The farmers are angry with the government announcing a mere Rs. 10/quintal hike in the Fair and Remunerative Prices.
Cane Farmers’ Body Calls for Nationwide Protests on July 20 for Higher Prices, Share in Profits

Representational Image. Image Courtesy: Pxfuel

New Delhi: Sugarcane farmers, angry with the government’s measly Rs 10/quintal hike in Fair and Remunerative Price (FRP), have called upon farmers across states to organise a countrywide protest on July 20 in front of sugar mills or Central government offices.

The call, given by the All India Sugarcane Farmers' Federation (AISFF), affiliated with the All India Kisan Sabha (AIKS), also declared a ‘national protest day’ on the same date to express their dissatisfaction with the Bharatiya Janata Party (BJP) government's “continuous betrayal of farmers.”

In a press statement, the AISSF criticised the Central government, headed by Prime Minister Narendra Modi, for announcing a meagre increase of only Rs 10/quintal (Rs100/tonne) in FRP of sugarcane for the 2023-24 season. It said that over the past five years, the price of sugarcane had only increased by Rs. 40/quintal, from Rs. 275 to Rs. 315/quintal, at a basic sugar recovery rate of 10.25%.

The federation said the cane armers across the country had been demanding a price based on the Swaminathan Commission formula of C2+50%, which translates to a minimum of Rs. 500/quintal or Rs. 5,000/tonne as the FRP of cane at a recovery rate of 9.5 %. “However, the government's announcement fails to consider the rising production costs due to skyrocketing input prices,” it said.

A table accompanying the press release highlights the projected costs (C2) for sugarcane production in various states and the loss incurred by farmers at the announced FRP of Rs. 315/quintal. The weighted average of state government projections of C2 costs amounts to Rs. 438.75/quintal under the C2+50% formula. In contrast, the current FRP of Rs. 315/quintal results in a loss of Rs. 123.5/quintal for farmers nationwide.


The federation further demanded a share in profits generated from the sale of primary byproducts such as bagasse, molasses, and press mud, as well as a share of earnings from ethanol production and co-generation of power. The press release pointed out that sugar mills owe substantial arrears to farmers, and the closure of hundreds of mills across the country had placed the farmers in a state of “severe distress.”

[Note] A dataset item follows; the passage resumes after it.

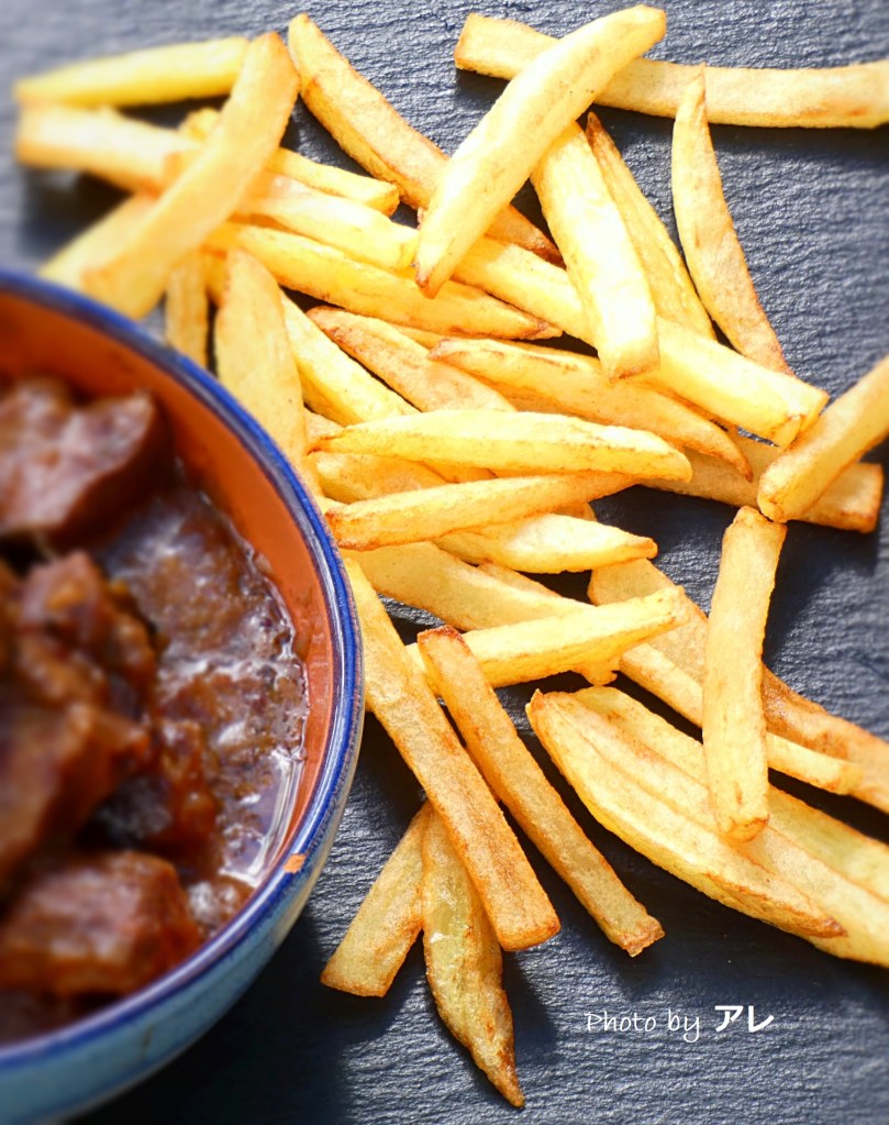 Sembra che la scoperta delle patate fritte, risalga alla fine del ‘700, quando i valloni della provincia di Namur non potendo pescare nel fiume Mosa ghiacciato in inverno, sostituirono i pesciolini con le patate tagliate a forma di pesce. In Belgio le patatine fritte sono un’istituzione, preparate sia in casa che come street food nelle friggitorie, dove cuocerle è una vera arte per ottenere la perfetta consistenza: croccanti fuori e morbide dentro. Si procede infatti ad una doppia frittura, solitamente nello strutto portato a due diverse temperature

In light of these grievances, the federation urged the Centre to immediately revise the price of sugarcane and set it at Rs. 500/ quintal (Rs. 5,000/tonne). They also demand a fair share in profits from byproducts, arrears payment, and closed mills reopening. Additionally, it also opposed privatisation of cooperative and public-sector sugar mills.

Highlighting the concerns raised by the Commission on Agricultural Costs and Prices (CACP), which indicates that the revenue-sharing formula may result in lower cane prices than the FRP due to low sugar prices and/or by-product values, the federation said to address this issue, the CACP (Commission for Agricutural Costs and Prices) recommends the establishment of a Price Stabilisation Fund, which would act as a self-financing mechanism to bridge the gap between the revenue-sharing formula payment and FRP during periods of low sugar prices. It accused the Union government of shirking its responsibilities and warned against the dangers of the current revenue-sharing formula.

The release also notes that the CACP suggests a staggered payment system for farmers, as most sugar mills cannot pay within the mandated 14-day period due to the staggered realisation from sugar sales throughout the year. It opposed this recommendation and criticised the CACP for fixing low prices for sugarcane while discouraging states from setting higher State Advised Prices (SAP).

The AISFF said these “retrograde recommendations primarily benefit corporate companies rather than prioritising the interests of the farmers.”